### INSTRUCTIONS FOR THE TASK
Every line of the material is to be transcribed verbatim, with images omitted.

### RECORDS
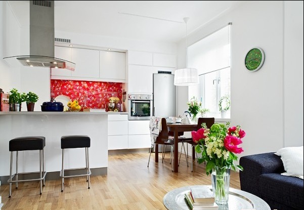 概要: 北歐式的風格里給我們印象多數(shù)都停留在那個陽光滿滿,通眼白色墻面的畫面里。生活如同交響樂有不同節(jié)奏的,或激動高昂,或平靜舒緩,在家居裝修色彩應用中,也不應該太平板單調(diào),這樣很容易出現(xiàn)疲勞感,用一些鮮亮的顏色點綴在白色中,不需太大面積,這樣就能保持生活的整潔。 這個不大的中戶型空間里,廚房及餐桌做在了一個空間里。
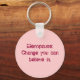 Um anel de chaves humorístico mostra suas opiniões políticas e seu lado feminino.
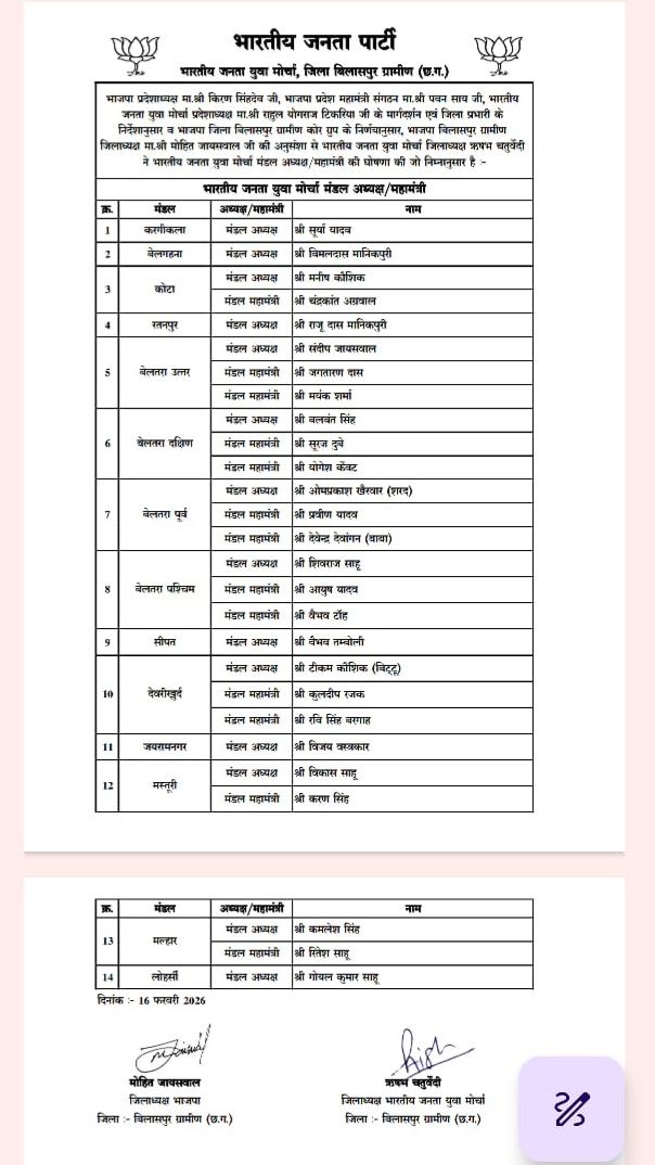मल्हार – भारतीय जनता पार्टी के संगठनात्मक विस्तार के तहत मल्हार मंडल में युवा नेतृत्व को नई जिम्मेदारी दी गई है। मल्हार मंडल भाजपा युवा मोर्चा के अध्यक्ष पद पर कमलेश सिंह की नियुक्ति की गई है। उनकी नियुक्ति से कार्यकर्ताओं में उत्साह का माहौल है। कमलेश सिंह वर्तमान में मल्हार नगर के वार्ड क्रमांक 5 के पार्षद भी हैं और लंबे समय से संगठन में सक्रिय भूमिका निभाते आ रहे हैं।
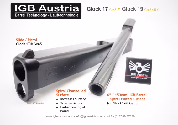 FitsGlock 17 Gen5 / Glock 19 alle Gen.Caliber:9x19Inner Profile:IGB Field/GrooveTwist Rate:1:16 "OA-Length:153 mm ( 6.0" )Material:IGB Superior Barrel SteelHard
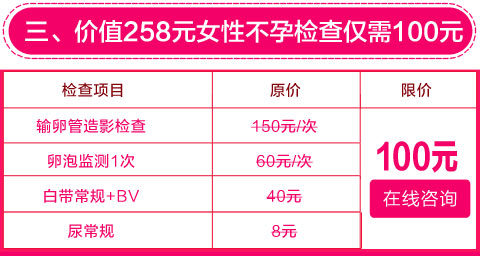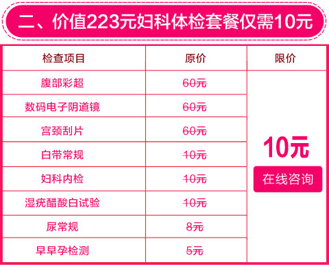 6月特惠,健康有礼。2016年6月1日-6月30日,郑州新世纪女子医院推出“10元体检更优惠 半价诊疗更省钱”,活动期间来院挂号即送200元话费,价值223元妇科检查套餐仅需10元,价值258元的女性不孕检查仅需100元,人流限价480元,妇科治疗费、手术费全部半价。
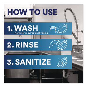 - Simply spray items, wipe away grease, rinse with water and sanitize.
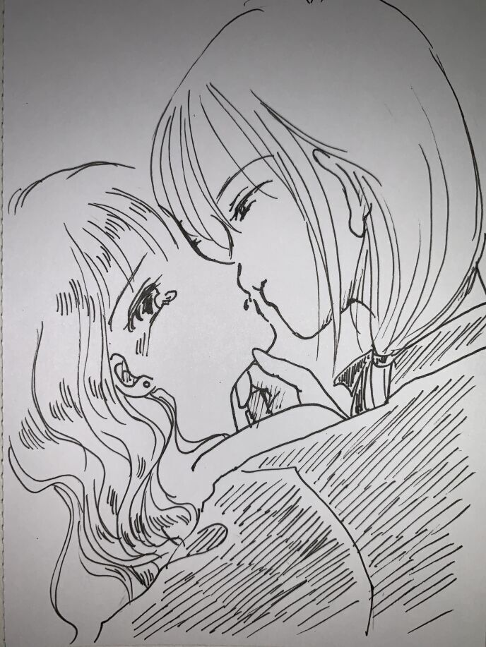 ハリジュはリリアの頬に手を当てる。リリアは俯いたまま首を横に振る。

### SOLVED PROBLEM
 概要: 北歐式的風格里給我們印象多數(shù)都停留在那個陽光滿滿,通眼白色墻面的畫面里。生活如同交響樂有不同節(jié)奏的,或激動高昂,或平靜舒緩,在家居裝修色彩應用中,也不應該太平板單調(diào),這樣很容易出現(xiàn)疲勞感,用一些鮮亮的顏色點綴在白色中,不需太大面積,這樣就能保持生活的整潔。 這個不大的中戶型空間里,廚房及餐桌做在了一個空間里。
 Um anel de chaves humorístico mostra suas opiniões políticas e seu lado feminino.
मल्हार – भारतीय जनता पार्टी के संगठनात्मक विस्तार के तहत मल्हार मंडल में युवा नेतृत्व को नई जिम्मेदारी दी गई है। मल्हार मंडल भाजपा युवा मोर्चा के अध्यक्ष पद पर कमलेश सिंह की नियुक्ति की गई है। उनकी नियुक्ति से कार्यकर्ताओं में उत्साह का माहौल है। कमलेश सिंह वर्तमान में मल्हार नगर के वार्ड क्रमांक 5 के पार्षद भी हैं और लंबे समय से संगठन में सक्रिय भूमिका निभाते आ रहे हैं।
 FitsGlock 17 Gen5 / Glock 19 alle Gen.Caliber:9x19Inner Profile:IGB Field/GrooveTwist Rate:1:16 "OA-Length:153 mm ( 6.0" )Material:IGB Superior Barrel SteelHard
 6月特惠,健康有礼。2016年6月1日-6月30日,郑州新世纪女子医院推出“10元体检更优惠 半价诊疗更省钱”,活动期间来院挂号即送200元话费,价值223元妇科检查套餐仅需10元,价值258元的女性不孕检查仅需100元,人流限价480元,妇科治疗费、手术费全部半价。
 - Simply spray items, wipe away grease, rinse with water and sanitize.
 ハリジュはリリアの頬に手を当てる。リリアは俯いたまま首を横に振る。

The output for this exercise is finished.